Of the entries below, return only those lines from the line with "stunning, high-definition digital" to the line with "SKJJL - 4 in", exactly, both included.

....

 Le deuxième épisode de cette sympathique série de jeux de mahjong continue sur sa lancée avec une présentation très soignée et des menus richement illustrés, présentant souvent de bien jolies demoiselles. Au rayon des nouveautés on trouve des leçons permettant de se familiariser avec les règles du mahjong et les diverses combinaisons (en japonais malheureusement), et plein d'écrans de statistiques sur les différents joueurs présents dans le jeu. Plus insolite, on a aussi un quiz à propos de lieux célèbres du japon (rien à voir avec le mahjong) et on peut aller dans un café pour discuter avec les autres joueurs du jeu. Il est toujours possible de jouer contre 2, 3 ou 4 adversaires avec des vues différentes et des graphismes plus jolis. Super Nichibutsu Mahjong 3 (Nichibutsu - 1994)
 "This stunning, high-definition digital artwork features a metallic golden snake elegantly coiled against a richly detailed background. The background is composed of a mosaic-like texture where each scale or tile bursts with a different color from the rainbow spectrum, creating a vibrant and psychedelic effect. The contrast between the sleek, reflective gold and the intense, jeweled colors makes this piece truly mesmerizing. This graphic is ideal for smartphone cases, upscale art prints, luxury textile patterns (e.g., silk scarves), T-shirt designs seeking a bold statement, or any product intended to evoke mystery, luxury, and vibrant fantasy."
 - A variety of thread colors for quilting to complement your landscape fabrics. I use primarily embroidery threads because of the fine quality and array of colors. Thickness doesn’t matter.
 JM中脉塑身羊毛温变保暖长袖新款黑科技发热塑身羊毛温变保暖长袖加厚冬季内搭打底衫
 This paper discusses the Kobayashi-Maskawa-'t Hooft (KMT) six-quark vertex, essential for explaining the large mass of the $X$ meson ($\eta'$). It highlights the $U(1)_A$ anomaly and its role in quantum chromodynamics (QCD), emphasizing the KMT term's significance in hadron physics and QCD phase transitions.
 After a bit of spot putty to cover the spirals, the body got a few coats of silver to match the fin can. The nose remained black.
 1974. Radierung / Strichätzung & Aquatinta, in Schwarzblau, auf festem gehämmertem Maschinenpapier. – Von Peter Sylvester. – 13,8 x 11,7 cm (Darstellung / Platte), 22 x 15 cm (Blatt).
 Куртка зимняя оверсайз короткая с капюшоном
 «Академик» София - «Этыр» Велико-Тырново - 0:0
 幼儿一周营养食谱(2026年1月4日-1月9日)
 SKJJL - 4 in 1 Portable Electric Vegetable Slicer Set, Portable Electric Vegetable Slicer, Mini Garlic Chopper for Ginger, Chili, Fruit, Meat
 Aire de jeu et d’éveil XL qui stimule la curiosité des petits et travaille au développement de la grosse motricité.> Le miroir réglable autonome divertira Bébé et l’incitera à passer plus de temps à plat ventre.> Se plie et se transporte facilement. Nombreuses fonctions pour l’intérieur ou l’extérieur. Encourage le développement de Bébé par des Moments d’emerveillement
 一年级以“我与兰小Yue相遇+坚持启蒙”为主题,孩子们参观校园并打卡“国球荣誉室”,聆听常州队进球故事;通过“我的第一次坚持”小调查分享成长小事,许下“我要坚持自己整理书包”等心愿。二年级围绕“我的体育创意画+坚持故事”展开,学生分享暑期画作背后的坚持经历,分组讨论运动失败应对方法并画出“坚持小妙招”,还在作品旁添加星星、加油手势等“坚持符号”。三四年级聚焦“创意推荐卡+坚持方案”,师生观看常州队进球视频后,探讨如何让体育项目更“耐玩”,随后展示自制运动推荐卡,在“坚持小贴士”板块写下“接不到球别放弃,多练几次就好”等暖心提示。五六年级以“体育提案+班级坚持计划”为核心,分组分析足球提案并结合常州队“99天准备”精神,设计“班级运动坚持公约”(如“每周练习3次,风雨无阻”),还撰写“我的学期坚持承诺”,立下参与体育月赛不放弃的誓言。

....

§ **ANSWER AREA**:
 "This stunning, high-definition digital artwork features a metallic golden snake elegantly coiled against a richly detailed background. The background is composed of a mosaic-like texture where each scale or tile bursts with a different color from the rainbow spectrum, creating a vibrant and psychedelic effect. The contrast between the sleek, reflective gold and the intense, jeweled colors makes this piece truly mesmerizing. This graphic is ideal for smartphone cases, upscale art prints, luxury textile patterns (e.g., silk scarves), T-shirt designs seeking a bold statement, or any product intended to evoke mystery, luxury, and vibrant fantasy."
 - A variety of thread colors for quilting to complement your landscape fabrics. I use primarily embroidery threads because of the fine quality and array of colors. Thickness doesn’t matter.
 JM中脉塑身羊毛温变保暖长袖新款黑科技发热塑身羊毛温变保暖长袖加厚冬季内搭打底衫
 This paper discusses the Kobayashi-Maskawa-'t Hooft (KMT) six-quark vertex, essential for explaining the large mass of the $X$ meson ($\eta'$). It highlights the $U(1)_A$ anomaly and its role in quantum chromodynamics (QCD), emphasizing the KMT term's significance in hadron physics and QCD phase transitions.
 After a bit of spot putty to cover the spirals, the body got a few coats of silver to match the fin can. The nose remained black.
 1974. Radierung / Strichätzung & Aquatinta, in Schwarzblau, auf festem gehämmertem Maschinenpapier. – Von Peter Sylvester. – 13,8 x 11,7 cm (Darstellung / Platte), 22 x 15 cm (Blatt).
 Куртка зимняя оверсайз короткая с капюшоном
 «Академик» София - «Этыр» Велико-Тырново - 0:0
 幼儿一周营养食谱(2026年1月4日-1月9日)
 SKJJL - 4 in 1 Portable Electric Vegetable Slicer Set, Portable Electric Vegetable Slicer, Mini Garlic Chopper for Ginger, Chili, Fruit, Meat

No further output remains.